What the Dickens does "Closen" mean?
At one end of the bookcase behind my desk sits a copy of the Shorter Oxford English Dictionary. “Shorter” is something of a humble-brag, given it is made up of two huge volumes, each larger than any other dictionary I own, and called “Shorter” in comparison to the full OED which stretches to twenty volumes. It is wealth of definitions and entymology and is my ultimate last resort for exploring English vocabulary.
I bought it because my uncle, a keen Scrabble player, would disappear down to the local library to scan the copy held there and find obscure, high-scoring words to bring back for family matches. It would drive my aunt nuts when he would place a soredia, binately, or cowheel on the board. Arguments would ensue, then a standoff usually ending with my Uncle brassing it out and everyone eventually sceptically conceding because they couldn’t prove otherwise.
I decided to play him at his own game, saved up for my own copy and proudly brought it to the next family gathering. Unfortunately this backfired because all it meant was that the stand-offs didn’t occur as my uncle was able to prove his case with the edition sitting on the table in front of him. He still won.
And so the Scrabble rule in our family became: if it isn’t in the Shorter Oxford English Dictionary, you can’t play it. The dictionary remains the high watermark in my mind for words that are worth using.

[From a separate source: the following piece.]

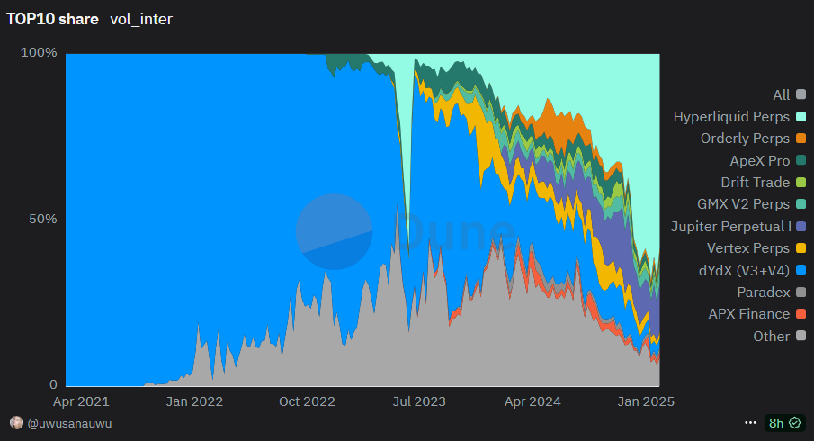 Hyperliquid 是一个链上Perpetual Contract Exchange,并推出了荷兰拍拍卖机制来获得发行新现货席位的机制。Hyperliquid 的收入主要来源于合约交易费用、 HIP-1 拍卖费、现货交易费用和 HLP MM PnL。目前 Hyperliquid 已成为第一大链上衍生品交易所,其交易量占据市场份额的约 60%。

I rarely get my copy off the shelf now because it is wedged behind my desk and retrieving it involves emptying the books next to it, shifting my desk and risking a crushed foot when it invariably slips out of my hand. Today I felt compelled to resort to a crushed foot because I was browsing a UK news site, Sky News and came across the following headline:
Japan concerned over closening Russian-Chinese military ties
That word, closening threw me for a moment. My brain did a half flip, it made sense, but seemed strange.
Lazily I searched Bing, because I had a tab open in my browser. The AI disagreed with my search, insisting I didn’t know what word I was typing and I actually meant closer. Thanks Bing.
I worked my way down my book case, Chamber Pocket to Oxford Concise to Collins Dictionary (where I got detoured through the names of medieval saints - Collins is great like that, not just vocabulary but Twitter length bios as a bonus). No trace of Closening in any of these.
And so to furniture removal, librarianship and crushed toes. Scouring the joyful definitions of “Shorter” could I find the term? Nope.
sigh
Finally good old fashioned Google search took me to Merriam-Webster which provided the following ddefinition:
- closen
- verb
- clos·en ˈklōsᵊn
- closened; closened; closening ˈklōs(ᵊ)niŋ ; closens
- transitive verb
to make close
- intransitive verb
to become close or more close
- the closening bonds between two countries
Is this, therefore an American English word?
Now there is an interesting point of view regarding Merriam-Webster. Webster first published his dictionary in 1806, and Merriam first published their version of it in 1847. When was the Oxford English Dictionary first published? Not until 1884, and that volume only contained words beginning with A. Nevertheless, it became the gold standard for British English, expanding to the full 20 volume version. The shorter version should be enough to dictate language use for British journalists.
I tried to find a style guide for Sky News. There is an Editorial Guide, but this is all about fairness, anti-corruption ans such like. The Guardian has a style guide. Nothing on Closening there. There is a caveat that if it isn’t in the style guide then refer to Collins. Well I have checked Collins and cannot find anything on Closening. It does have close-in, close-out and close with, but I digress.
I suppose that, giving the benefit of the doubt, and the pedigree of Webster’s definitions, closen and closening can probably be tolerated, even if it is blurring the lines between American and British English on a UK news site.
Even so, I am not going to use it in Scrabble. Well, probably not.